WASHINGTON—A growing number of credit unions are expected to report data breaches in the coming weeks as new details emerge about the ransomware attack on Marquis Software Solutions, a third-party marketing and data-management vendor serving hundreds of financial institutions, according to multiple disclosures and media reports.
TechCrunch reported that Marquis has begun notifying “dozens” of U.S. banks and credit unions that customer data was stolen in its August 14 cyberattack, now confirmed by the company as a ransomware incident. State filings reviewed by TechCrunch show at least 400,000 individuals already identified as affected across Iowa, Maine, Texas, Massachusetts, and New Hampshire, with that figure expected to rise as more notifications are submitted.
Marquis, which works with more than 700 financial institutions, said attackers exploited a zero-day vulnerability in its SonicWall firewall to access files containing names, dates of birth, addresses, account numbers, card data, and Social Security numbers.
Credit-union impacts are beginning to surface.
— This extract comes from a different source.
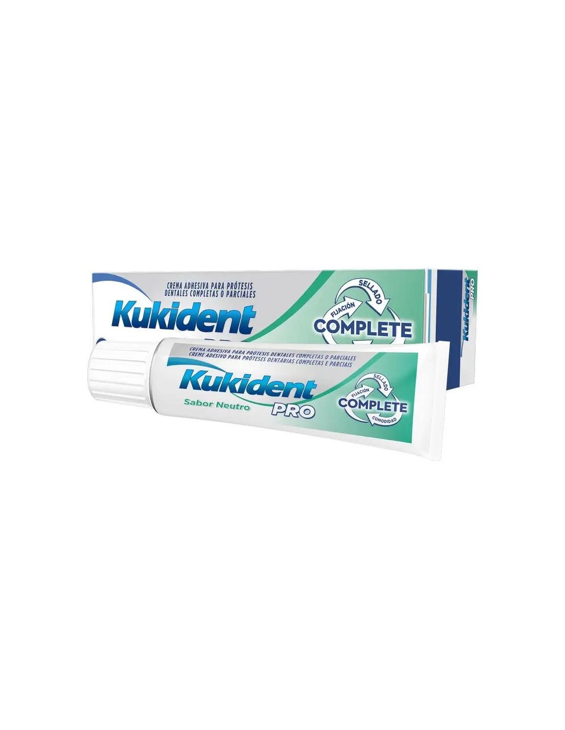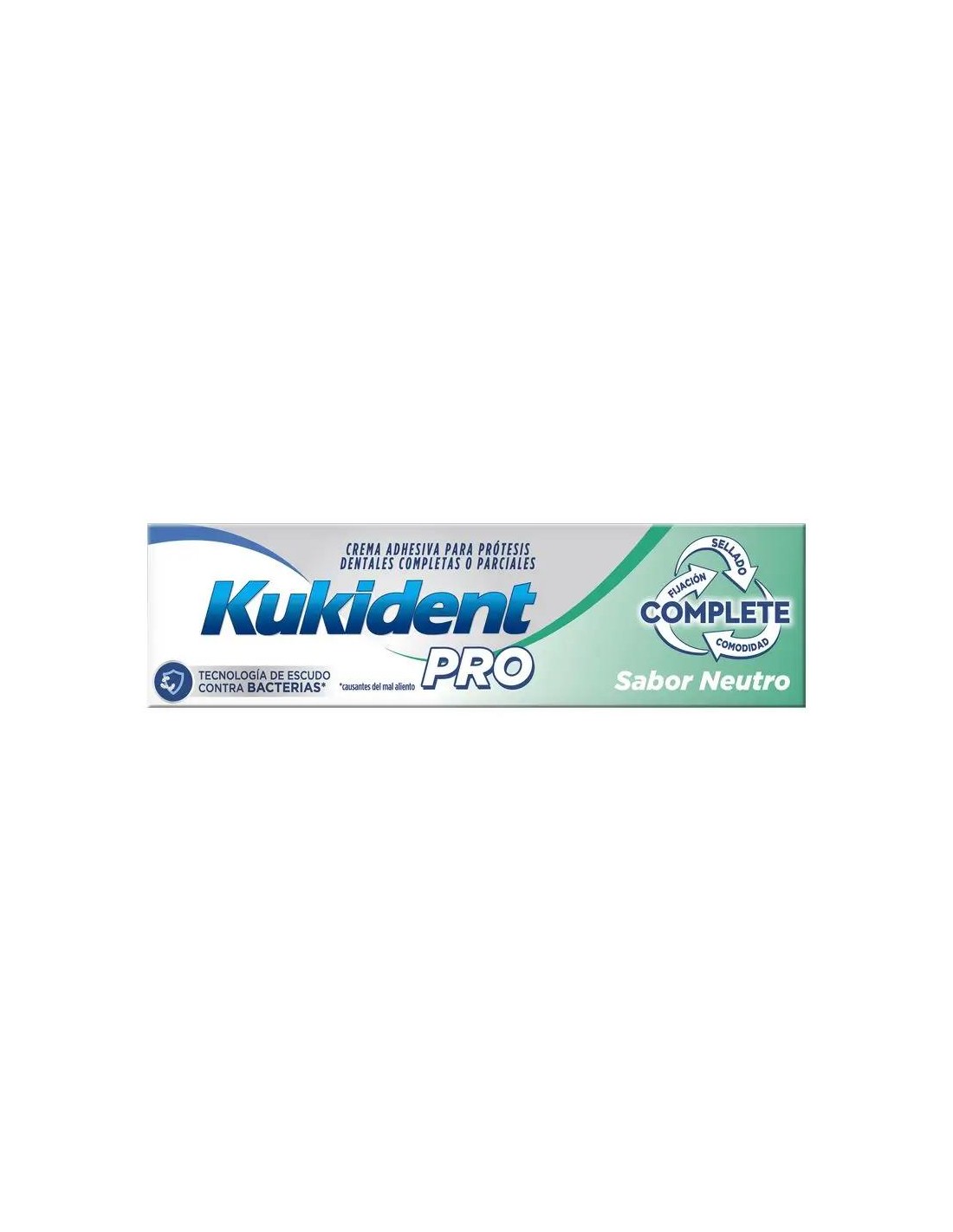 La Complete Neutro 47 g de Kukident, no contiene sabor artificial añadido, facilita la adhesión de los dientes postizos, con la mejor tecnología de sellado, y efecto amortiguador entre la encía y la prótesis que impide que se maltrate las encías. También evita que se filtren las partículas de comida, generando placa bacteriana y su proliferación, e impide que la prótesis se desprenda mientras conversa.

As CUToday.info reported on Dec. 1, CoVantage Credit Union disclosed that approximately 160,000 of its members may have had sensitive information accessed after Marquis detected suspicious activity and confirmed a system intrusion on Aug. 14. Marquis told CoVantage the breach was contained to the vendor’s environment and did not involve the credit union’s internal systems. The vendor’s investigation and forensics review led to client notifications beginning Oct. 27, with state attorneys general formal notices filed starting Nov. 26.
Now Claim Depot is reporting a second credit union victim: $754-million Maine State Credit Union, based in Augusta. According to a disclosure filed with Maine’s attorney general on Dec. 2, Marquis confirmed that 38,334 Maine residents tied to the credit union were affected. The investigation found that ransomware actors accessed Marquis’ network through the SonicWall vulnerability, potentially acquiring files containing names, addresses, phone numbers, dates of birth, Social Security numbers, Taxpayer Identification Numbers, and financial account information. Marquis engaged cybersecurity experts, notified federal law enforcement, and by late October had begun informing affected business customers, Claim Depot stated.
Given Marquis’ extensive client base and the scope of data stored across its systems, TechCrunch reported that the number of impacted individuals—and institutions—is likely to expand as additional state filings appear.